Os investimentos e despesas que era suposto realizar a esta altura do ano estão a ser feitos". Gove enfatizou no entanto que os recursos internos precisam de "ser suplementados" com as ajudas externas, para que se alcancem os principais objectivos, principalmente o combate à pobreza.
Nessa perspectiva o Governador do Banco de Moçambique considerou o diferendo com os doadores "perfeitamente ultrapassável", antevendo "um entendimento".

Fonte: Rádio Mocambique (10.03.2010)

Reflectindo:

1. Para alguns se o país tem dinheiro para 5,5 meses para sobreviver sem apoio da comunidade internacional é muito, mas para mim (ainda bem que não sou economista) isto é grave para um país independente e soberano há já mais de 34 anos. É ainda grave para um país que nos últimos 17 anos se beneficiou muito da ajuda externa e há cinco anos se beneficiou de alívio da dívida externa. Por tudo isto, não acho ter havido alguma prestacão de contas ao povo moçambicano e agora sabemos que só podemos sobreviver em 5,5 meses. Não estamos perante uma prova da tese de James Shikwati e Dambasa Moyo? Penso que nós mocambicanos precisamos de saber em que coisas fúteis que expende o dinheiro, tanto as receitas nacionais como as ajudas externas. E será que não sabemos?

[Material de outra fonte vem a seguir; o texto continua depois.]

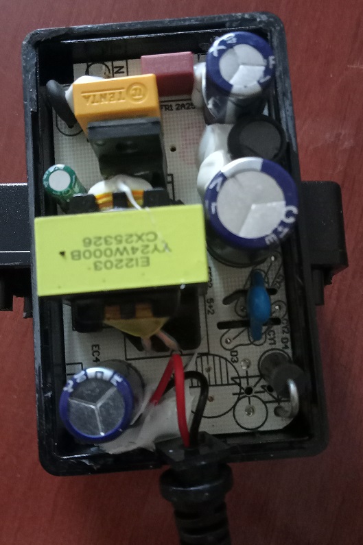 Подскажите, есть такой БП от аквариумного светильника, когда свет отключается нагрузка на БП падает и он начинает свистеть. Разобрал, потыкал деревянной палочкой дроссель т.к. сначала думал он виновник, но оказалось что синий керамический кондер, придавливаешь его палочкой и свист практически исчезает.

2. Um outro aspecto, é sobre a despartidarizacão do Estado, afinal o que a Frelimo tem medo ao não largar o osso, isto é o Estado? No seu documento ao G19, assinado por Aiuba Cureneia, o governo da Frelimo não toca esta problemática que está a criar um mal estar entre os moçambicanos e que ultimanente foi atiçado pelos discursos de Filipe Paúnde e Itai Meque.

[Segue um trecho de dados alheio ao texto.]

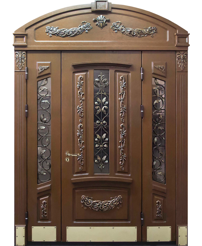 Арка придаёт входу особый характер и сразу выделяет дом среди соседних построек. Арочная входная дверь стеклопакет для загородного дома сочетает в себе статусность массивного дуба и современную практичность стеклопакета, который наполняет прихожую естественным светом и визуально облегчает массивное полотно. Стальной каркас с листом металла толщиной 2 мм и ребрами жёсткости обеспечивает надёжность, а два контура уплотнения защищают от сквозняков. Терморазрыв в коробке и полотне предотвращает промерзание, что особенно актуально для эксплуатации в загородных коттеджах. Натуральный дуб в отделке не только долговечен, но и устойчив к повреждениям, сохраняя презентабельный вид долгие годы. Такая дверь подчёркивает архитектурный стиль дома и позволяет совместить изысканность формы с практичностью современных технологий. Арочная входная дверь стеклопакет для загородного дома от производителя: быстрое изготовление и монтаж в Александрове, индивидуальные размеры, широкий выбор материалов и фурнитуры, официальная гарантия до 10 лет.

3. Mais um aspecto que julgo não ter nada a ver com a lei eleitoral é o facto do silêncio quanto aos crimes eleitorais por um lado. Por outro, as trafulhices da CNE e mesmo do Conselho Constitucional que foram sem dúvidas engendradas pelo partido no poder não foi por lacunas na lei eleitoral. Nós que não somos juristas sabíamos interpretar a actual lei que os juristas ligados ao poder. Porquê? E porquê será que o Conselho Constitucional veio a dar-nos (nós leigos a lei) razão, veio dar razão ao Observatório Eleitoral só depois de consumado as pretensões? Será desta vez (quando reformada) que se respeitarão os princípios democráticos.